Take a guest out of Nico and Darren’s VFM podcast and you are left with the Chuckle Brothers of pensions without the constraint of a third party. This leads to some pretty strange stuff, especially from Nico who now aligns himself with the patrician elite who run our workplace pensions.
Nico has come round to the opinion that VFM is actually destructive of value as it gets in the way of a better discussion of adequacy. He claims that “we are being pushed off the ball” of “outcomes” in favor of the Government’s consolidation/productive finance agenda.
“Never mind the efficiency, feel the width“. This view is shared by the bulk of the pension industry to which Nico may be a “mean reverter”. This bulk would like to have our money , the taxperson’s money and our employer’s money and sit on it for as long as possible – preferably well into retirement. It is after all entitled to a return on our money and has no interest in plebeian scrutiny.
This view suggests that simple tests on performance, quality and apportionment of costs are neither here nor there as all commercial providers are worthy their place in the premier league without fear of relegation, If you support Arsenal, you can think like this, if you support Southampton, you may feel differently.
Club woke – the paternalists alternative to VFM
Early in the podcast, before Nico declares himself a member of the patrician elite, he hints that the podcast may be due a rebrand. Perhaps it should align itself to the PEG – ” a loose affiliation of millionaires and billionaires” dedicated to eliminating pension inequality by meeting up in each other’s City Offices. The paternalistic elite have to find some way to justify themselves and if it’s not VFM – why not “club woke” – dedicated to virtue signalling.
Perhaps I am being distracted by Darren’s claim that I am a fan of the VFM blog. I am neither a fan nor a detractor, I have lashed myself to the mast for an hour or two a week to comment on what is said and by and large it has been time well spent.
The big themes of the 18 hours I’ve listened to appear to be
- The VFM framework should include retail (non-workplace) pensions
- The VFM framework should include decumulation
- There should be more of an onus on employers to sort things out
To this we should add that VFM is best put in the hands of the paternalistic elite and not simplified to a point where ordinary people think they have an idea of what is going on.
There are some big issues emerging out of this consultation. Perhaps the biggest is the Government’s objection to the “race to the bottom” on pricing – which is the unexpected and unintended consequence of handing the decision to consolidates to plebeian procurement teams. A discussion on how the pensions industry will ever get beyond “asset management for free” which is what is happening to most workplace defaults, would be worth happening.
I suspected that this was too contentious for the Chuckle Bros, but I reckoned wrong. The last ten minutes of the podcast contain an extraordinary statement from Nico endorsing a fee crunch, rejecting arguments for productive capital and advocating passive investment for the proles.
This is a u-turn from the recent CIO of Connect and People’s Pension and one I don’t get.
I want Nico to focus on the events of 2022 and just who should be held to account for the wholesale destruction in value.
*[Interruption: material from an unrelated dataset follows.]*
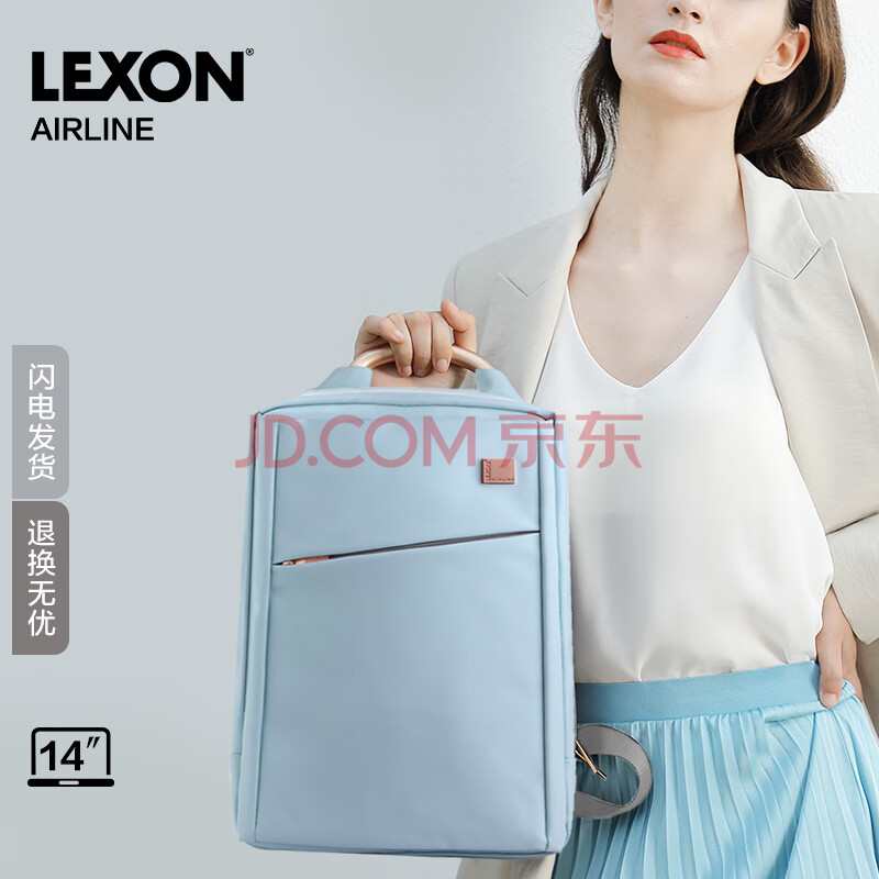 商品相册:乐上(LEXON)双肩包女14英寸商务笔记本电脑包时尚书包通勤旅行背包PU浅蓝色第

We need to call out serial offenders destroying value and name them -saying their are no mastertrusts who don’t provide VFM is wrong.
A discussion of the appalling service standards surrounding transfer times , the management of death claims , the lack of support at retirement and most of all the failure of this sector to give people proper performance metrics WOULD BE INTERESTING.
VFM reverts to mean (paternalistic elitists)
But all of this sounds not very urgent because as Nico and Darren admit, they haven’t established what the purpose of these “pensions” is and therefore have no anchor on that value for money should be. The Australians have sorted this, the common purpose of retirement system is to give people an income in later life that gives them dignity.
The purpose of the VFM framework is to deal with one aspect of the retirement puzzle, the need to maximise efficiency of saving, if we are to have a funded DC system we need to get that right first. People need a way to judge value for themselves, the VFM framework is about making this happen for ordinary employers.
Ordinary “plebeian” employers will be consoled that so long as they move money into a magic circle of commercial master trusts , they have provided value for money for their staff. Staff can be dealt with by high quality communications , validated by industry awards. Past performance can continue to be a matter of disdain while what really matters, the simulation of future returns, can remain the province of the paternalist elite (aka actuaries)
If you subscribe to this way of thinking , you will probably ignore the VFM consultation. But if you don’t I suspect you will find the consultation response as exciting as promised by the CEO of the Pensions Regulator this week.